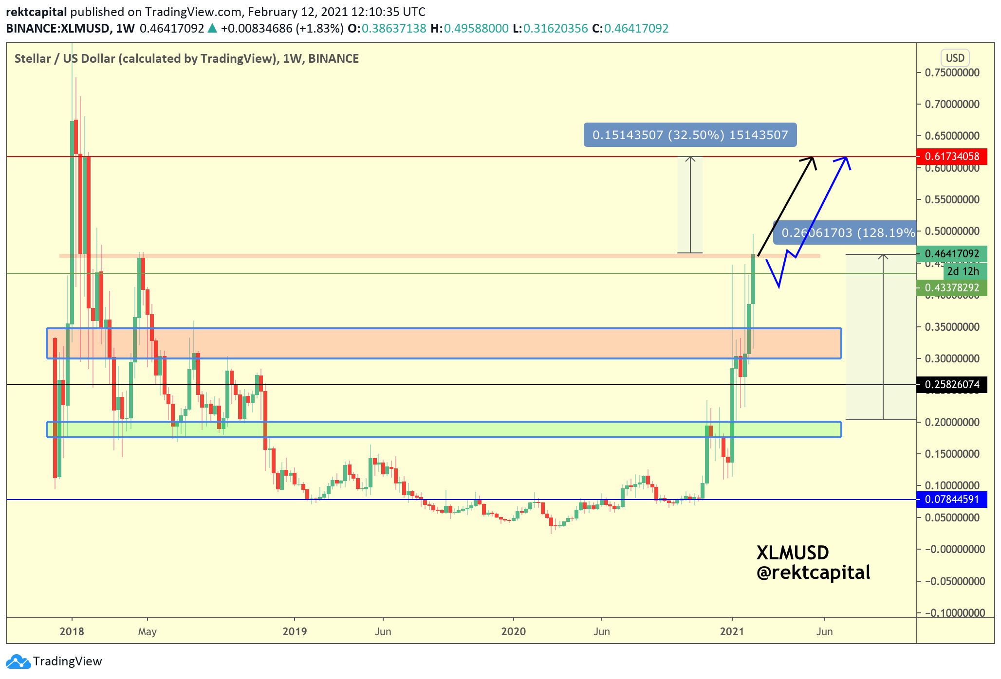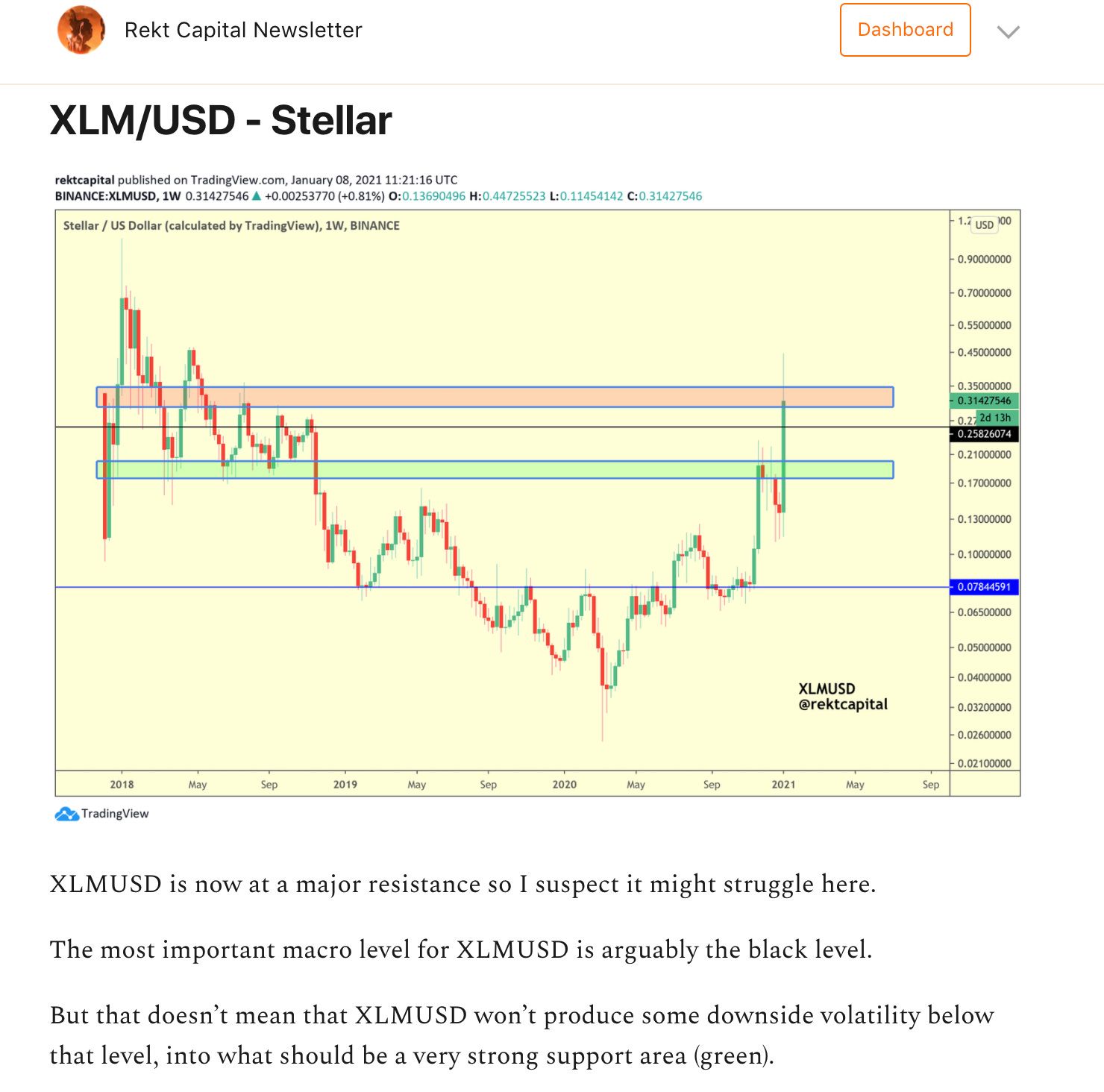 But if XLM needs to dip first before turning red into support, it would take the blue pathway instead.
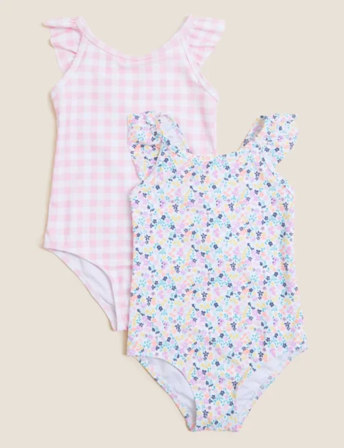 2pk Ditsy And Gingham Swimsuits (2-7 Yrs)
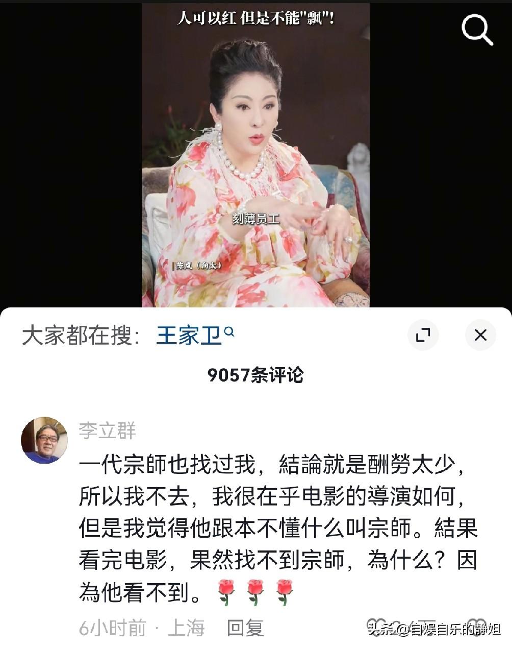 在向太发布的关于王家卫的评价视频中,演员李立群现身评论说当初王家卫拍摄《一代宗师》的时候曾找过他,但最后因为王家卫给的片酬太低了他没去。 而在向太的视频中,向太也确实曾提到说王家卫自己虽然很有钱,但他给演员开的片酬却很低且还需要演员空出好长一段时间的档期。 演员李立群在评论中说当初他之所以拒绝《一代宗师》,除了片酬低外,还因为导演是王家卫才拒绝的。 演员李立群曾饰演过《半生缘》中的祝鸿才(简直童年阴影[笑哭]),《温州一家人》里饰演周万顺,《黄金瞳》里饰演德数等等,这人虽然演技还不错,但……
* * *
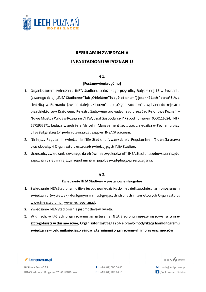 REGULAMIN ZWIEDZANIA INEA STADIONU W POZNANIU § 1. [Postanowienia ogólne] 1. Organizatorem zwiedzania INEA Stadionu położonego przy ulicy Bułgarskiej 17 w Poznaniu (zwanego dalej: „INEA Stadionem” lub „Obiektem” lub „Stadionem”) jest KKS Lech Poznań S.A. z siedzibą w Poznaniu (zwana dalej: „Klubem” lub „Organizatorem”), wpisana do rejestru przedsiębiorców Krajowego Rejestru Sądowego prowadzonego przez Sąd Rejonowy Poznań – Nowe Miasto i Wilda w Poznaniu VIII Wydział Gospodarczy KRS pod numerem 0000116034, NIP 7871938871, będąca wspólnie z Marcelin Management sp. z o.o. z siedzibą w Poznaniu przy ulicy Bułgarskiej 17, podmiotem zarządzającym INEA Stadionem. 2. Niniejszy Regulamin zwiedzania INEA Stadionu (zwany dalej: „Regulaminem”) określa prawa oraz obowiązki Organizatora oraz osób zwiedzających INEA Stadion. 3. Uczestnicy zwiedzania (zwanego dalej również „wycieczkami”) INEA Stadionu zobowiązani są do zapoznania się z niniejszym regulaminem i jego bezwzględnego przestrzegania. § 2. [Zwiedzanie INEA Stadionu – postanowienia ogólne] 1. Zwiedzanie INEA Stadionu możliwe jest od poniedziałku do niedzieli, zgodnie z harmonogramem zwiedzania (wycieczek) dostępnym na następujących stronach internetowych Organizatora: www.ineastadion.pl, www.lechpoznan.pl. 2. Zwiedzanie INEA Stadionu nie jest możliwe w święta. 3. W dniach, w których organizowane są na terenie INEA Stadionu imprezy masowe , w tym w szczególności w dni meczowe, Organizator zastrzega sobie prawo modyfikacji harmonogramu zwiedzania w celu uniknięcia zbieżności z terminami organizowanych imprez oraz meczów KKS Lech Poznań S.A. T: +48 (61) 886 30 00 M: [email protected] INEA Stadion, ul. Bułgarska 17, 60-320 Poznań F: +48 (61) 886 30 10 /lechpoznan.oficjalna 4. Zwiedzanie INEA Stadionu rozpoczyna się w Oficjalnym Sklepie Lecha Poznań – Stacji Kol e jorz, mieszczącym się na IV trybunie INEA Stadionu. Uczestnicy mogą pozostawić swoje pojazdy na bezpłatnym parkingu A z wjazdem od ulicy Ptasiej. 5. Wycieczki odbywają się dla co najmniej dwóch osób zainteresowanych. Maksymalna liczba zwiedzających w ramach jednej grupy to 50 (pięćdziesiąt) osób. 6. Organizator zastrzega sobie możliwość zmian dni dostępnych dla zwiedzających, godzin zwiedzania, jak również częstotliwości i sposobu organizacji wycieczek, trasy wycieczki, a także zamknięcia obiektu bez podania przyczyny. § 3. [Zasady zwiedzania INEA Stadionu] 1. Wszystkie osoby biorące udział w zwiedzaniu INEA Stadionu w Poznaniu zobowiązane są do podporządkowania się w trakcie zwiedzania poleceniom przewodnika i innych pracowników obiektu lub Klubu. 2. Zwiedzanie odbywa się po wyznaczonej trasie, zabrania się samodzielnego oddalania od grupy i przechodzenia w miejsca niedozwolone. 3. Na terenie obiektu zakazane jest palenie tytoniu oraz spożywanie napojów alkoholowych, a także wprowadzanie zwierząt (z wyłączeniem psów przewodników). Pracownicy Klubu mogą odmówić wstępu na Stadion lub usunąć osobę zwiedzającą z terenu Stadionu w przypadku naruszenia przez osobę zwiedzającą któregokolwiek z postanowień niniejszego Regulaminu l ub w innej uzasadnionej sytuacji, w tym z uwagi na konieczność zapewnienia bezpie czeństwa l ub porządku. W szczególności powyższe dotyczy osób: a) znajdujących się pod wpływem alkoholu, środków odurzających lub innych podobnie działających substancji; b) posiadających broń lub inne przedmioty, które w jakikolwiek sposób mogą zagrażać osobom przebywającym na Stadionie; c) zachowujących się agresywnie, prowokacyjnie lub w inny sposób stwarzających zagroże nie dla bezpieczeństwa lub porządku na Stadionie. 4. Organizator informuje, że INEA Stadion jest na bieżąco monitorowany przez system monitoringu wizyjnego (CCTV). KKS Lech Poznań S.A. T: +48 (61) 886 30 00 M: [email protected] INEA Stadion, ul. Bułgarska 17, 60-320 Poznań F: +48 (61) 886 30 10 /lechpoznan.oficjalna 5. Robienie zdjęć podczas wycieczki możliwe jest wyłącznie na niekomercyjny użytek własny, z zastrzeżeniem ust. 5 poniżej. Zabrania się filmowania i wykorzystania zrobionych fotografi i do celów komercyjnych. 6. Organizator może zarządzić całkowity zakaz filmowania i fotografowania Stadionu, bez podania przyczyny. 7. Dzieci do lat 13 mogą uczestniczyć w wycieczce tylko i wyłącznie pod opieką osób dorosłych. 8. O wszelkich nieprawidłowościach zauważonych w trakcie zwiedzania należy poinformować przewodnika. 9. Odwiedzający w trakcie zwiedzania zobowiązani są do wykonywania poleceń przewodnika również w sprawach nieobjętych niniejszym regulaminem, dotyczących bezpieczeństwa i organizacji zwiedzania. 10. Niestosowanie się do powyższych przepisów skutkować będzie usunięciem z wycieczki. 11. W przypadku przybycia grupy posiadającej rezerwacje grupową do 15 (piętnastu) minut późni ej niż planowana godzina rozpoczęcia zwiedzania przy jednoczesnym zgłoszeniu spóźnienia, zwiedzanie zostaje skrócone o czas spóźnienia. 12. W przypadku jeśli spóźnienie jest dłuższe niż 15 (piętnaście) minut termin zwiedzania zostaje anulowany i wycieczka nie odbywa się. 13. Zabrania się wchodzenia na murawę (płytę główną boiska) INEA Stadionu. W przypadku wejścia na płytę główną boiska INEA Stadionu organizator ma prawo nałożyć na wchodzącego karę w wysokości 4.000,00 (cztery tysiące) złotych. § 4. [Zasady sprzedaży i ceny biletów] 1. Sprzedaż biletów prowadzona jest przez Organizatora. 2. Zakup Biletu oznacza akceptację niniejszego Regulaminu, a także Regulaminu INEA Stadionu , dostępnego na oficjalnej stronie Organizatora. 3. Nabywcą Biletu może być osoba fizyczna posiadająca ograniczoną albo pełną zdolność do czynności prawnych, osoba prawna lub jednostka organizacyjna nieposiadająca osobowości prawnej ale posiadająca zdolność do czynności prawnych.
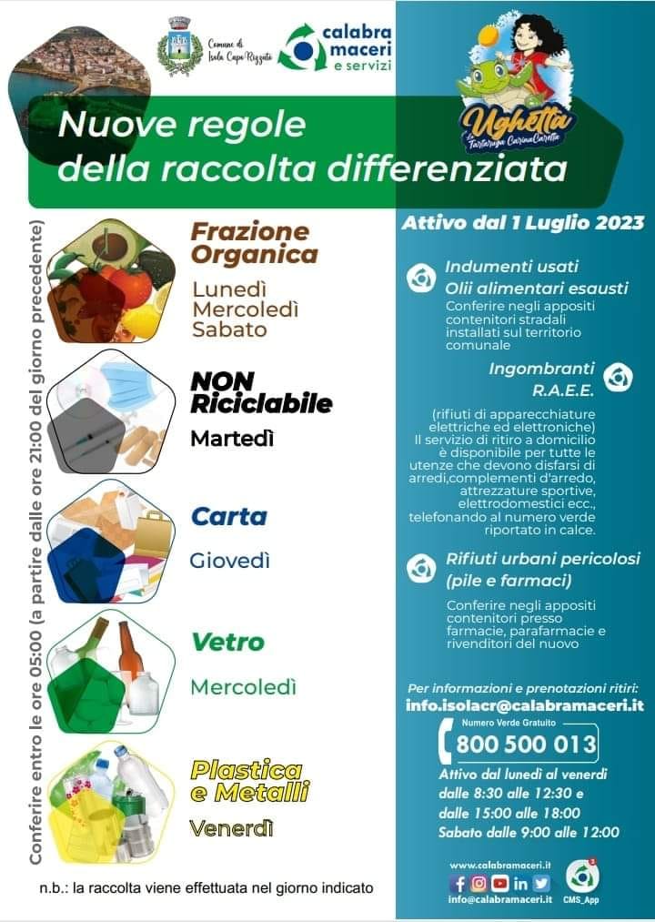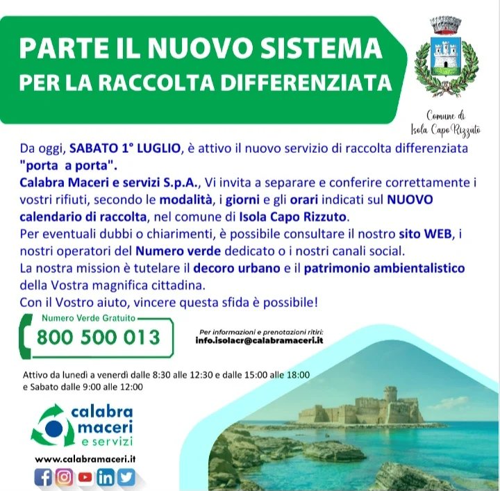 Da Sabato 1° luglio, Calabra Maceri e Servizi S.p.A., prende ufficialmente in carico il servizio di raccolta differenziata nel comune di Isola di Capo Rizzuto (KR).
...
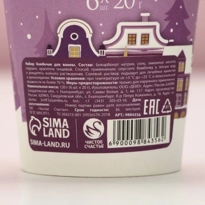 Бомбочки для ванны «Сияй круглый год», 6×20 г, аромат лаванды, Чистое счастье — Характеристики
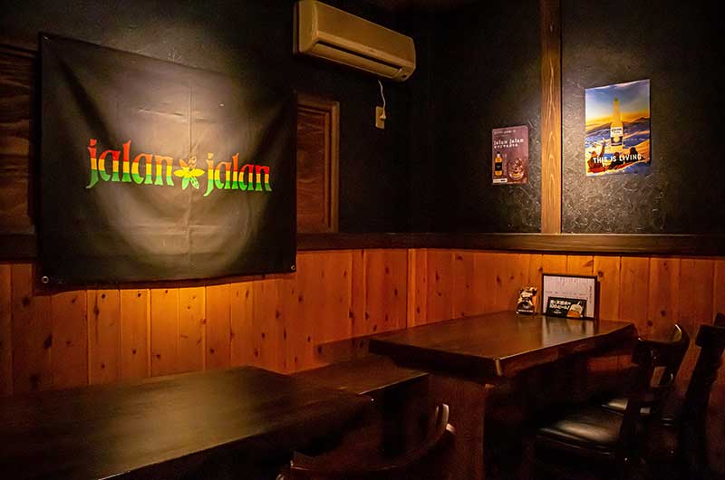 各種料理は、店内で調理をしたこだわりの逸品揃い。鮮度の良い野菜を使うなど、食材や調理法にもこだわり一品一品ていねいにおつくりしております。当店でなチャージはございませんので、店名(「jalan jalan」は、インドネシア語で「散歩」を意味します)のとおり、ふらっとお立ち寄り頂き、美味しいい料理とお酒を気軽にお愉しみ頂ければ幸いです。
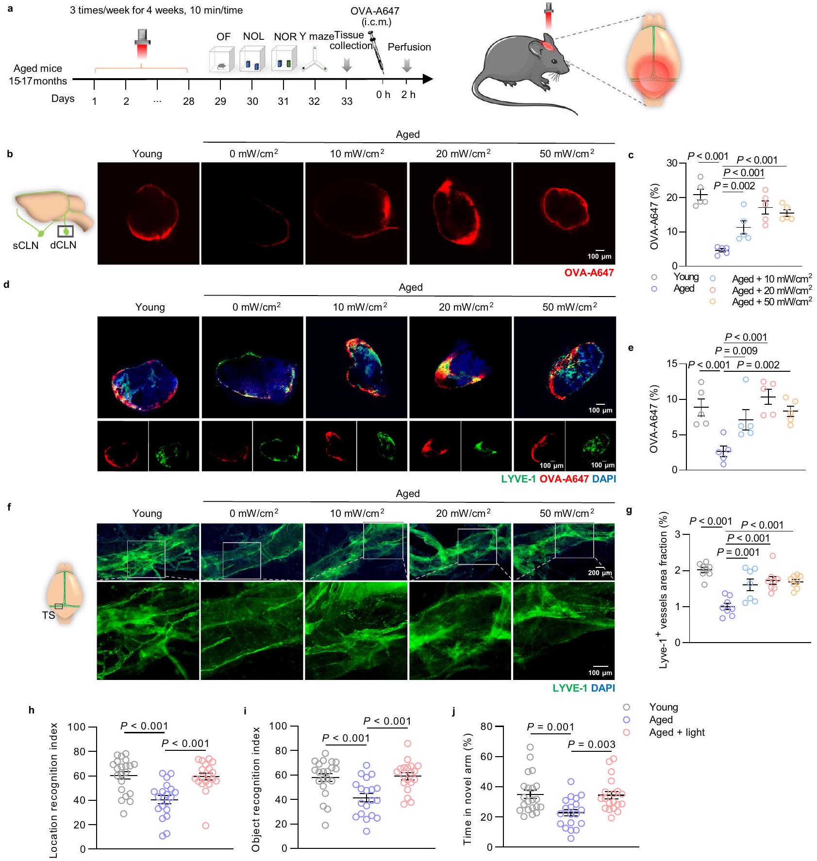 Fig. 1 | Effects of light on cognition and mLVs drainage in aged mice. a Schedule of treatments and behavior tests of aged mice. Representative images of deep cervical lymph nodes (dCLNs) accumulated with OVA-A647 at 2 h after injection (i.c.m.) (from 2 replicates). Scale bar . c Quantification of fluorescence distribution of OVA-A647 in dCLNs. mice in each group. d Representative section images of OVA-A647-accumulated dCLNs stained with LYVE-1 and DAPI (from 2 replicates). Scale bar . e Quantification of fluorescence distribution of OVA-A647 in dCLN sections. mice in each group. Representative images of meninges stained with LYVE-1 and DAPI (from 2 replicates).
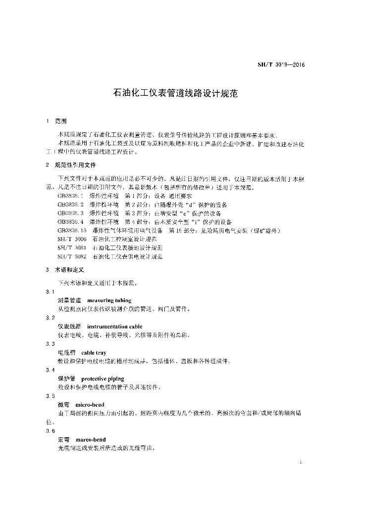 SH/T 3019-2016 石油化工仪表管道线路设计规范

> [What you will do] The lines to copy exactly start with the line above that has "Бомбочки для ванны" and go on through the line that has "SH/T 3019-2016 石油化工仪表管道线路设计规范"; please include both, add nothing else, and omit the pictures.

> [Response box]
 Бомбочки для ванны «Сияй круглый год», 6×20 г, аромат лаванды, Чистое счастье — Характеристики
 各種料理は、店内で調理をしたこだわりの逸品揃い。鮮度の良い野菜を使うなど、食材や調理法にもこだわり一品一品ていねいにおつくりしております。当店でなチャージはございませんので、店名(「jalan jalan」は、インドネシア語で「散歩」を意味します)のとおり、ふらっとお立ち寄り頂き、美味しいい料理とお酒を気軽にお愉しみ頂ければ幸いです。
 Fig. 1 | Effects of light on cognition and mLVs drainage in aged mice. a Schedule of treatments and behavior tests of aged mice. Representative images of deep cervical lymph nodes (dCLNs) accumulated with OVA-A647 at 2 h after injection (i.c.m.) (from 2 replicates). Scale bar . c Quantification of fluorescence distribution of OVA-A647 in dCLNs. mice in each group. d Representative section images of OVA-A647-accumulated dCLNs stained with LYVE-1 and DAPI (from 2 replicates). Scale bar . e Quantification of fluorescence distribution of OVA-A647 in dCLN sections. mice in each group. Representative images of meninges stained with LYVE-1 and DAPI (from 2 replicates).
 SH/T 3019-2016 石油化工仪表管道线路设计规范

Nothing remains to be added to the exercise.